Acute inflammation of the appendages most often affects young women who are sexually active. Currently, there is no doubt about the connection between inflammation of the appendages and the method of contraception. When using an IUD, the risk of developing acute salpingitis increases by 1.5-4 times. As for oral contraceptives, many researchers believe that their use reduces the risk of developing inflammation (according to G. Rubin et al., almost 3 times).

Acute inflammation of the appendages often begins after or during menstruation, following invasive diagnostic and treatment methods (curettage of the uterus, hysterosalpingography, hysteroscopy, hydrotubation, etc.), after surgical interventions on the genital apparatus. Patients complain of pain in the lower abdomen, radiating to the sacrum, the inner thighs, and less often to the rectum. In the presence of chlamydial and gonococcal infection, the patient may be bothered by pain in the right hypochondrium due to the development of perihepatitis, accompanying the inflammatory process of the internal genital organs (Fitz-Hugh-Curtis syndrome).
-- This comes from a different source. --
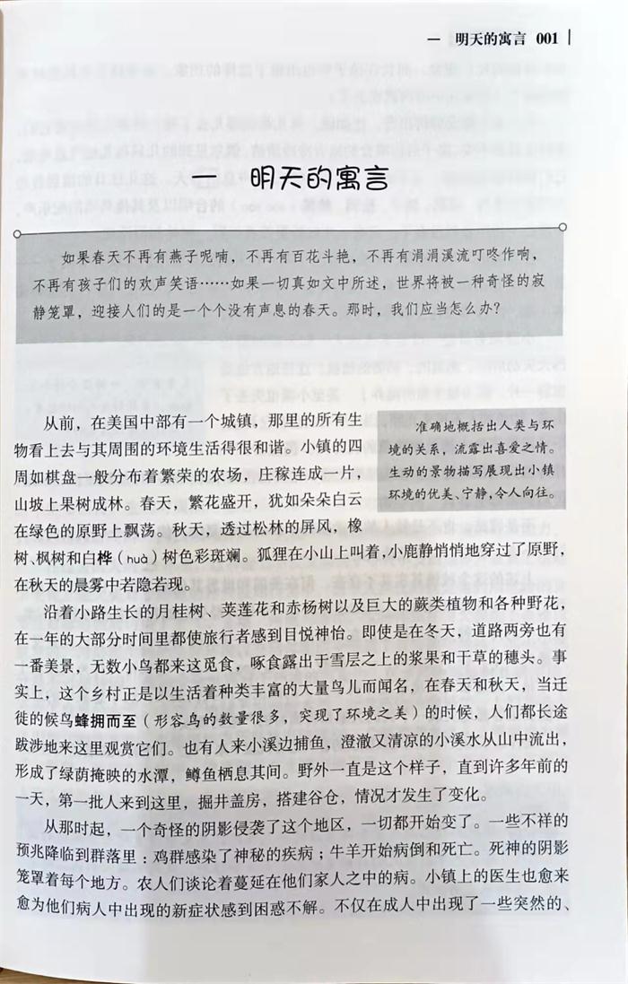 《寂静的春天》描述了人类可能将面临一个没有鸟、蜜蜂和蝴蝶的世界。作品以寓言开头向我们描绘了一个美丽村庄的突变,它既贯穿着严谨求实的科学理性精神,又充溢着敬畏生命的人文情怀,是一本赏心悦目的著作。本书主要依据课程标准推荐的阅读书目进行选择篇目。针对中小学生的阅读习惯、阅读理解能力,本书设置了一下主要内容。开篇导读:针对全书或各个篇章,从作品主要人物、故事情节、艺术特色等方面引导阅读,激发读者阅读兴趣,让读者轻松愉快地进入阅读最佳状态。疏通文字:对不易认读和理解的字词,进行随文注音和释义,扫清阅读障碍,让读者阅读更轻松。写作借鉴:对书中典型的写作借鉴点进行系统提炼并剖析。读者可以直观地对书中的写作亮点进行借鉴,提高写作水平。知识链接:对书中涉及到的天文、地理、民俗、科技、礼仪等知识进行链接,可拓宽读者视野,增长读者见识。考点精练:对书中的一些重点、难点、考点进行提炼,设置练习,可以引导读者深入理解内容,使阅读与考试评价接轨。

The onset of pain is accompanied by a rise in body temperature from subfebrile to hyperthermia, general weakness, headache, nausea, less often vomiting, and intestinal bloating. Most patients complain of purulent, serous, or bloody discharge from the genital tract.

Exacerbation of chronic inflammation of the appendages has a similar clinical picture, but women often associate the onset of the disease with hypothermia, heavy physical work, mental fatigue, stressful situations. Along with increased pain syndrome, this group of patients is characterized by sleep disorders, appetite, increased irritability, rapid fatigue, inadequate emotional reactions.

Formation of a purulent focus in the appendages may occur with a primary inflammatory process. This may be facilitated by: the nature of the infection (associations of microbial factors); the presence of intrauterine cysts (especially the Lipps type); concomitant genital and extragenital diseases; inadequate therapy.

However, at present, purulent inflammatory foci in the uterine appendages can form gradually as the pathological process deepens. In this case, the duration of remissions of the disease decreases and the frequency of relapses increases. Each subsequent exacerbation is more severe than the previous one: it is accompanied by a temperature reaction, chills, intoxication. Complaints from the colon arise, dysuric disorders may appear.